Division of Molecular Medical Biochemistry, Department of Biochemistry and Molecular Biology, Shiga University of Medical Science.
Circ J. 2017 Nov 24;81(12):1862-1870. doi: 10.1253/circj.CJ-17-0394. Epub 2017 Jun 28.

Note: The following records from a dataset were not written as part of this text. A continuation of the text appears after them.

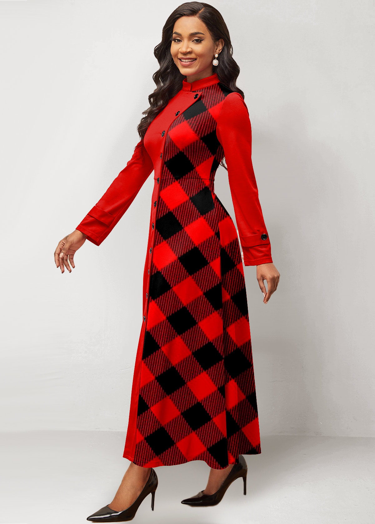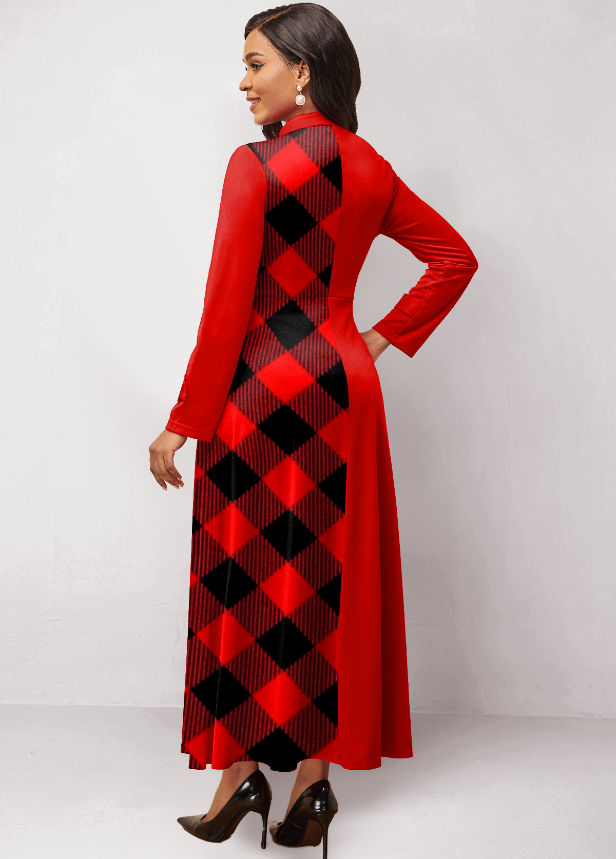 Round Neck Checkered Print Long Sleeve Two Piece Dress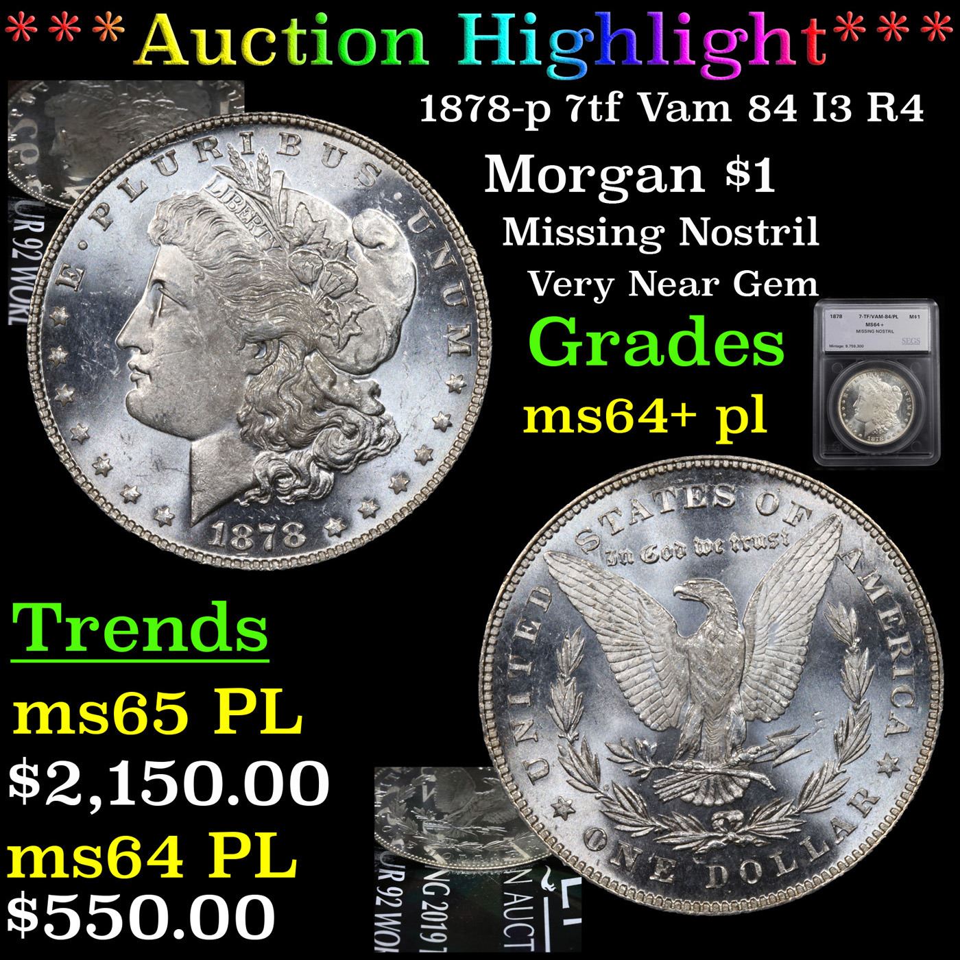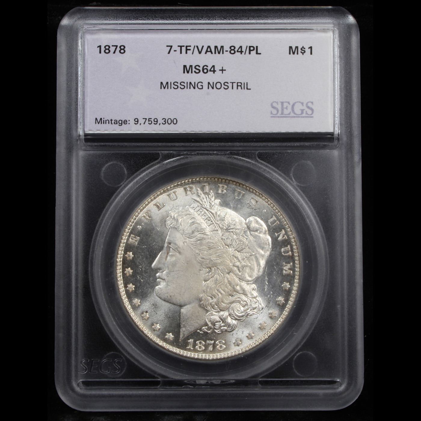 ***Auction Highlight*** 1878-p 7tf Vam 84 I3 R4 Morgan Dollar $1 Graded ms64+ pl By SEGS (fc)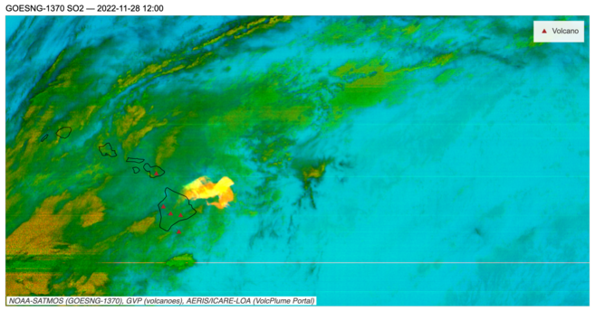 Sulfur dioxide (SO2) RGB composition of the 28 Nov 2022 Mauna Loa (Hawaii) eruption from GOESNG -137° geostationary imagery.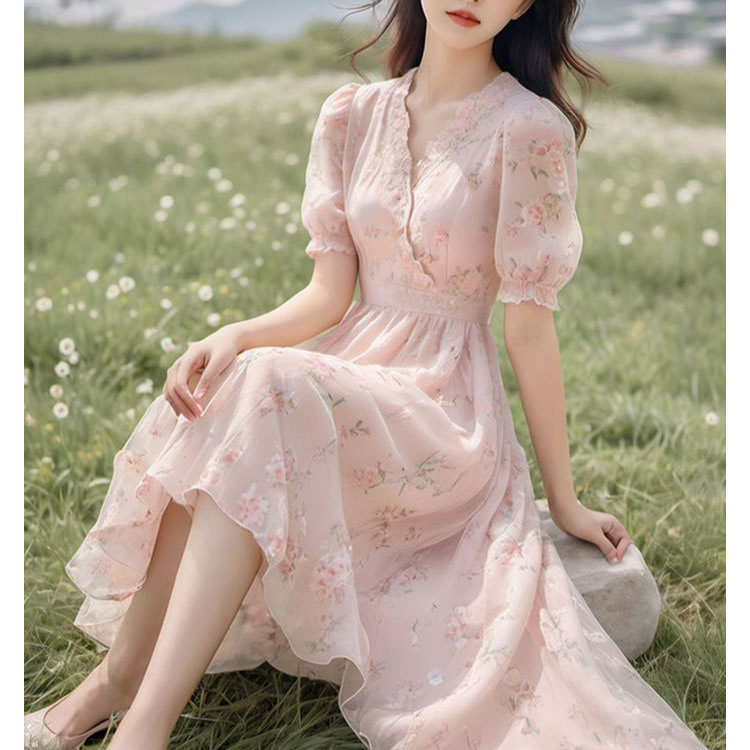 ピンクの花のワンピースの優しい風のお茶の休憩のフランスのハイエンドの美しい初恋の気質は腰のアンドロメダのスカートの夏を収めます。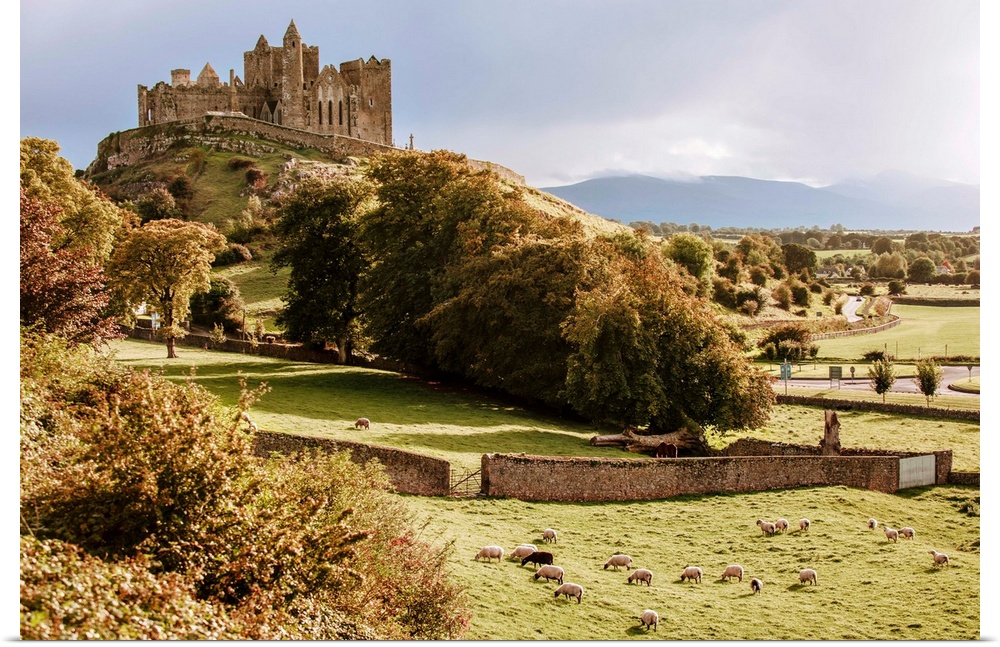 <p>Distant photograph of the Rock of Cashel located in Cashel, County Tipperary, Ireland, with a field of sheep grazing in the foreground.</p>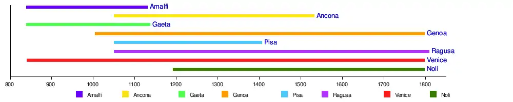 Історія окремих морських республік досить різноманітна, також дуже різна тривалість їх існування. Венеція, Генуя, Нолі та Рагуза прожили дуже довге життя, з незалежністю, яка пережила середньовічний період і тривала аж до порогу сучасної епохи, коли італійські та європейські держави були зруйновані та спустошені наполеонівськими війнами. Піза і Анкона зберігали свою незалежність лише до епохи Відродження — Піза потрапила під панування Республіки Флоренція в 1406 р., тоді як Анкона потрапила під контроль Папської держави в 1532 р.[2] Водночас Амальфі і Гаета втратили свою незалежність ще за часів центрального середньовіччя — перша в 1131 році, а друга в 1140 році, обидві внаслідок норманського завоювання Південної Італії.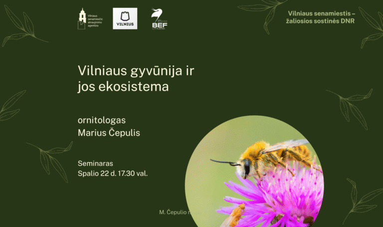 Spalio 22 d. 17.30 val. kviečiame į gyvą ir įkvepiantį ornitologo Mariaus Čepulio seminarą „Vilniaus gyvūnija ir jos ekosistema“, kuriame bus kalbama apie tai, ką iš tiesų reiškia būti gyvam Vilniuje – ne tik žmogui, bet ir zyliukei, miegapelei, šikšnosparniui ar vabaliukui po grindinio akmeniu. Renginys yra aplinkosauginio švietimo ciklo „Vilniaus senamiestis – žaliosios sostinės DNR“ dalis.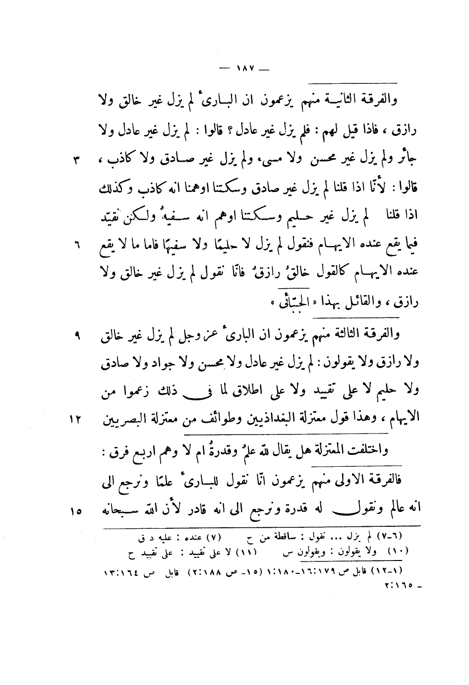 والفرقة الثالثة منهم يزعمون أن البارئ عز وجل لم يزل غير خالق ولا رازق ولا يقولون: لم يزل غير عادل ولا محسن ولا جواد ولا صادق ولا حليم لا على تقييد ولا على إطلاق لما في ذلك زعموا من الإيهام، وهذا قول معتزلة البغداذيين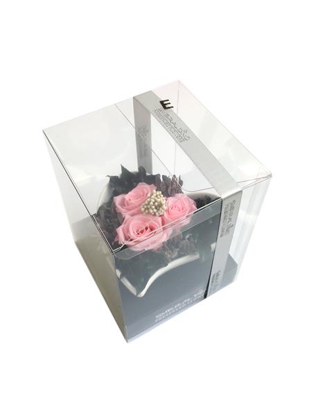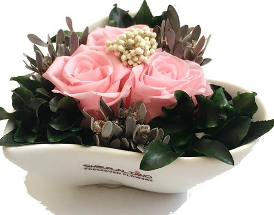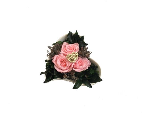 Erica features three delicate preserved mini roses, artfully arranged with a variety of lush foliage in a heart-shaped porcelain dish — a graceful symbol of love and friendship.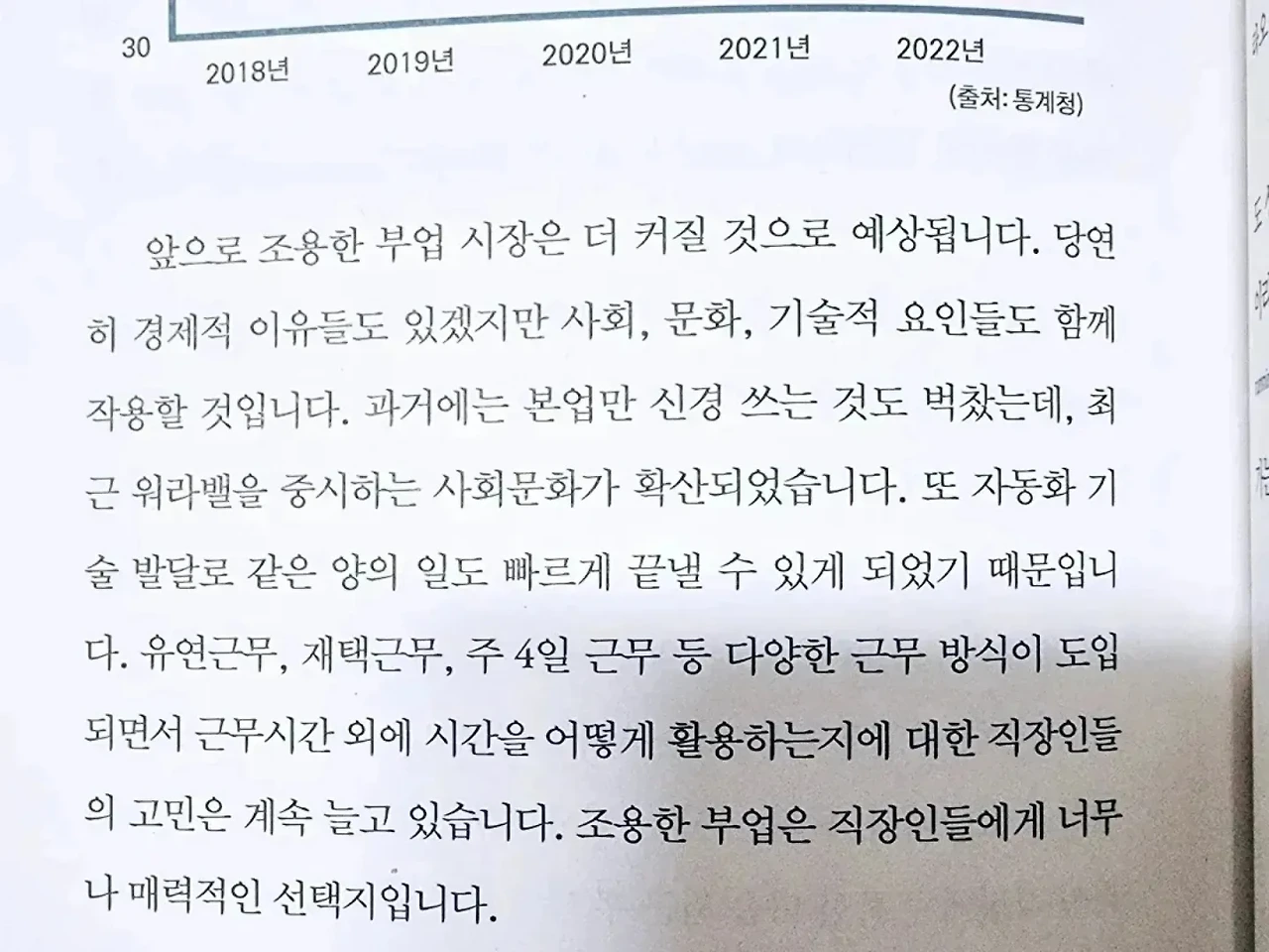 - ‘조용한 부업’이 뜨고 있습니다. 조용한 부업이란 원격근무나 모바일 기기를 이용해 회사에 알리지 않고 다른 일을 병행하는 부업을 말합니다. 우리나라 뿐만 아니라 미국을 포함한 전 세계적인 현상인데요. 팬데믹 이후 원격 근무가 확산되면서 조용한 부업을 하는 직장인들이 늘어났습니다. 경제적으로 저성장이 장기화되고 불확실성이 증가해 직장인들의 연봉도 정체되어 있는 점도 한몫했습니다. p.150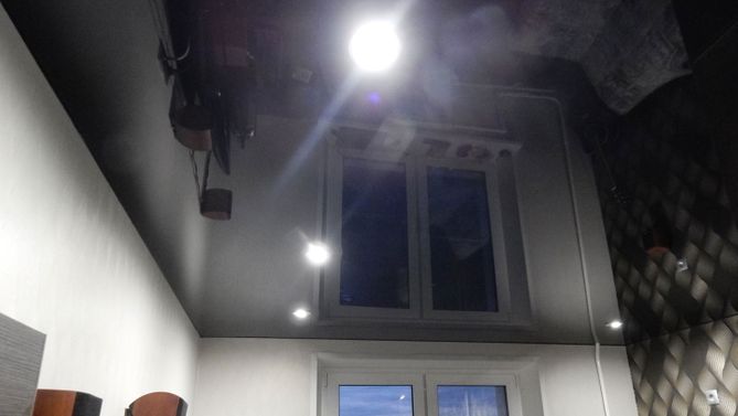 Бесшовный глянцевый натяжной потолок в спальню 11,8 м2
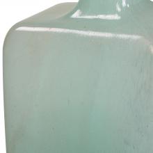Set of Two, Uniquely Shaped, Two-tone, Glass Vases in Aqua and Bronze with An Opalescent Border. Sizes: S-9x7x3,L-6x14x3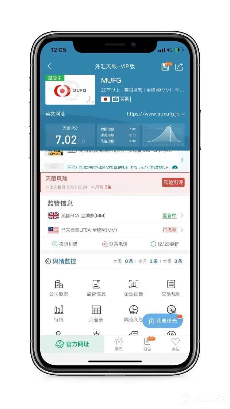 MUFG,天眼评分7.02分,其宣称持有的牌照被撤销后,尚有英国FCA授权的全牌照正在监管中,曝光台中出现了一则客诉,建议投资者们注意甄别!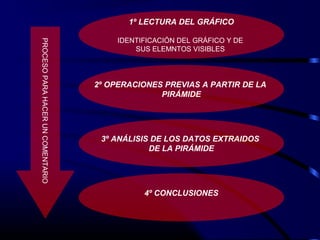 Este documento proporciona instrucciones para analizar y comentar una pirámide de población en 4 pasos: 1) lectura e identificación de los elementos de la pirámide, 2) operaciones previas como calcular años de nacimiento y dividir la población en grupos, 3) análisis de los datos extraídos incluyendo formas de la pirámide y distribución por sexo y edad, 4) conclusiones sobre la evolución pasada y proyecciones futuras. El objetivo es extraer información demográfica clave de la pirám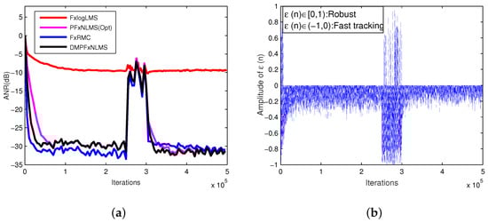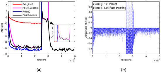 In Figure 5a, PFxNLMS(Opt) diverges at about iterations. The FxRMC has the best initiate tracking ability, when impulsive interference is strong enough (), it diverges at about iterations. The FxlogLMS performs worse on noise reduction level, and it cannot keep steady when interference occurs. The proposed DMPFxNLMS had a lower computational load than FxRMC, and it had similar initial tracking performance and better robust performance when strong interference happened. In Figure 5b, it is noted that in the iterations between and , DMPFxNLMS works in robust state, which shows the reason of that DMPFxNLMS dose not diverge at the iterations like the PFxNLMS(Opt).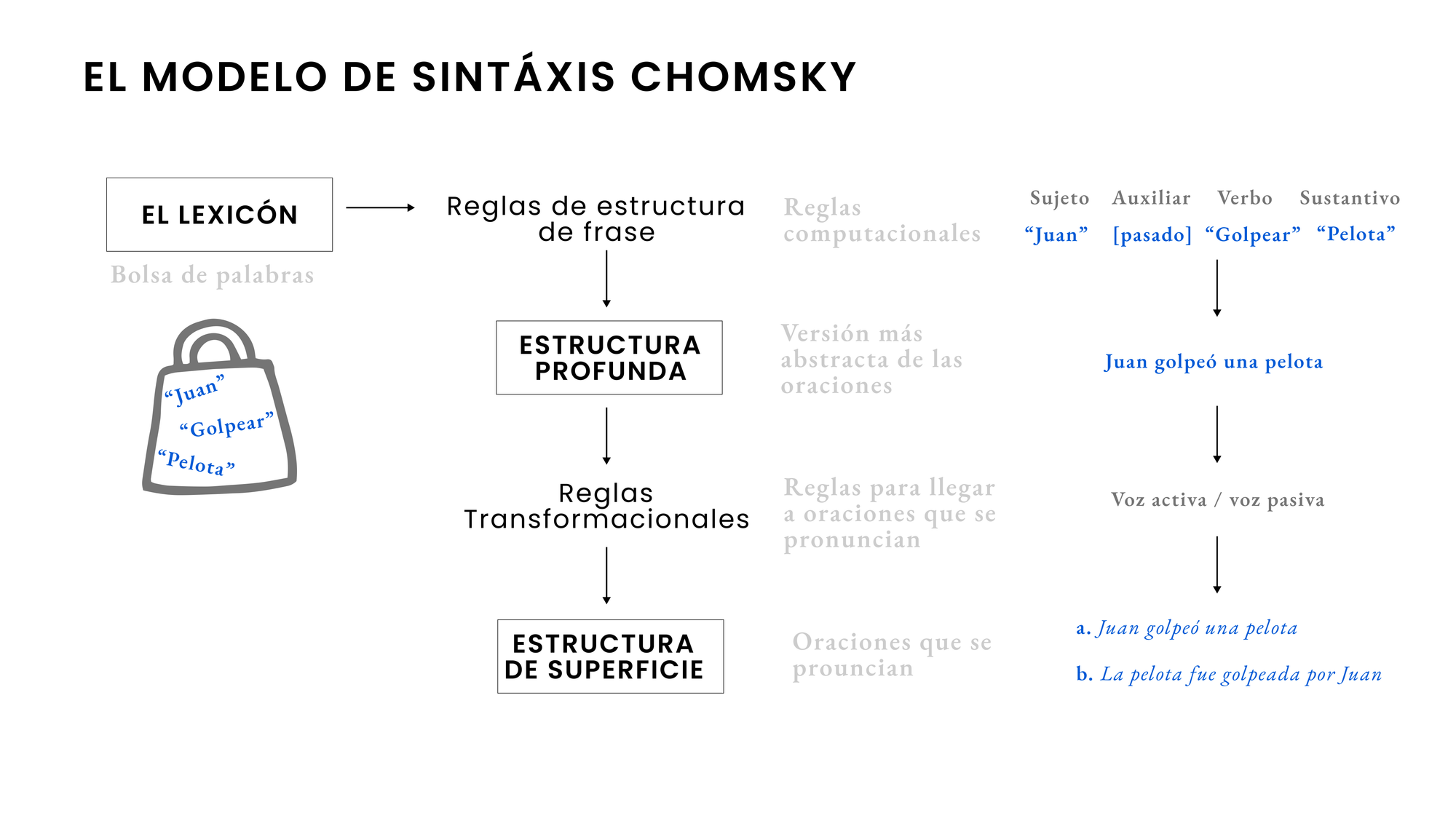 Esto significaba que las oraciones activas, como 'Juan golpea la pelota', y las oraciones pasivas, como 'La pelota es golpeada por Juan', eran en el fondo la misma oración. Ese fue uno de los grandes avances de la gramática generativa en aquella versión de 1965.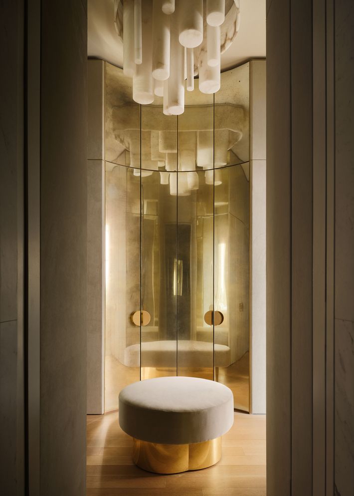 Godbold also referenced his favorite sci-fi movie sets for decorative elements. “The plasterwork was inspired by a wall detail I had seen in Cloud City in The Empire Strikes Back.” The dressing room gives a nod to the Fortress of Solitude in the 1978 Superman movie.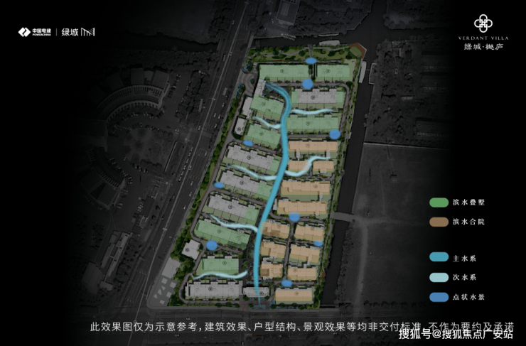 绿城·樾庐外部打造约500米长水岸绿带「玉带湾」,呈现可漫步、可停驻、可社交的诗意栖居场域。内部以一条水轴「樾溪川」构筑当代园林系统,并划分两大业态组团,同时以支脉水系分割,形成岛屿化组团,在水境空间中勾勒流动的静谧体验。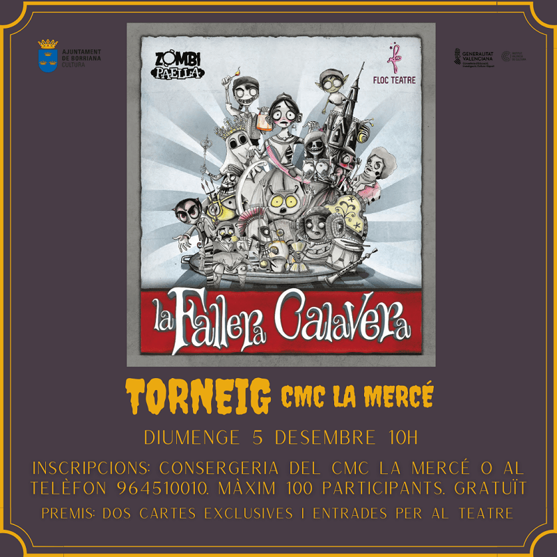 L’Ajuntament de Borriana ha obert el termini d’inscripció gratuïta per a participar en el torneig del joc de cartes La Fallera Calavera previst per a diumenge que ve, dia 5 de desembre, a les 10h al CMC la Mercè. La inscripció és limitada a cent participants per ordre d’arribada.

Pressure overload induces cardiac hypertrophy, which often ends in heart failure. Afadin is an adaptor protein that is ubiquitously expressed and, in the heart, it localizes at intercalated disks. The current study aimed to examine the afadin-mediated cardiac phenotype in mice exposed to different types of pressure overload: transverse aortic constriction (TAC) burden and angiotensin II (Ang II) stimulation.Methods and Results:Conditional knockout mice with selective deletion of afadin (afadin cKO) in cardiomyocytes were generated. TAC-operated and Ang II-infused mice at 4 weeks had a similar degree of pressure overload and cardiac hypertrophy in the heart. In afadin cKO mice, TAC operation caused progressive left ventricular dysfunction and heart failure, while Ang II infusion did not deteriorate cardiac function. Furthermore, TAC operation produced more fibrosis and apoptosis in the heart than Ang II infusion, and the expression of growth differentiation factor 15, which can promote apoptosis, in the afadin cKO heart was higher in TAC-operated mice than Ang II-infused ones.
In the 2 pressure overload models, myocardial afadin is involved in mechanical stress-induced, but not pharmacological Ang II-related, compensated cardiac hypertrophy.
压力超负荷可导致心肌肥厚,进而常引发心力衰竭。黏附蛋白 afadin 是一种广泛表达的衔接蛋白,在心脏中,它定位于闰盘。本研究旨在研究不同类型压力超负荷(主动脉缩窄[TAC]和血管紧张素 II[Ang II]刺激)下 afadin 介导的心脏表型。
生成了心肌细胞中 afadin 选择性缺失的条件性敲除小鼠(afadin cKO)。在 4 周时,TAC 手术和 Ang II 输注的小鼠具有相似程度的心脏压力超负荷和心肌肥厚。在 afadin cKO 小鼠中,TAC 手术导致进行性左心室功能障碍和心力衰竭,而 Ang II 输注并未使心脏功能恶化。此外,与 Ang II 输注相比,TAC 手术在心脏中产生了更多的纤维化和细胞凋亡,并且在 TAC 手术的 afadin cKO 心脏中,促凋亡的生长分化因子 15 的表达高于 Ang II 输注的心脏。
在这 2 种压力超负荷模型中,心肌 afadin 参与了机械应激诱导的、而非药理学 Ang II 相关的代偿性心肌肥厚。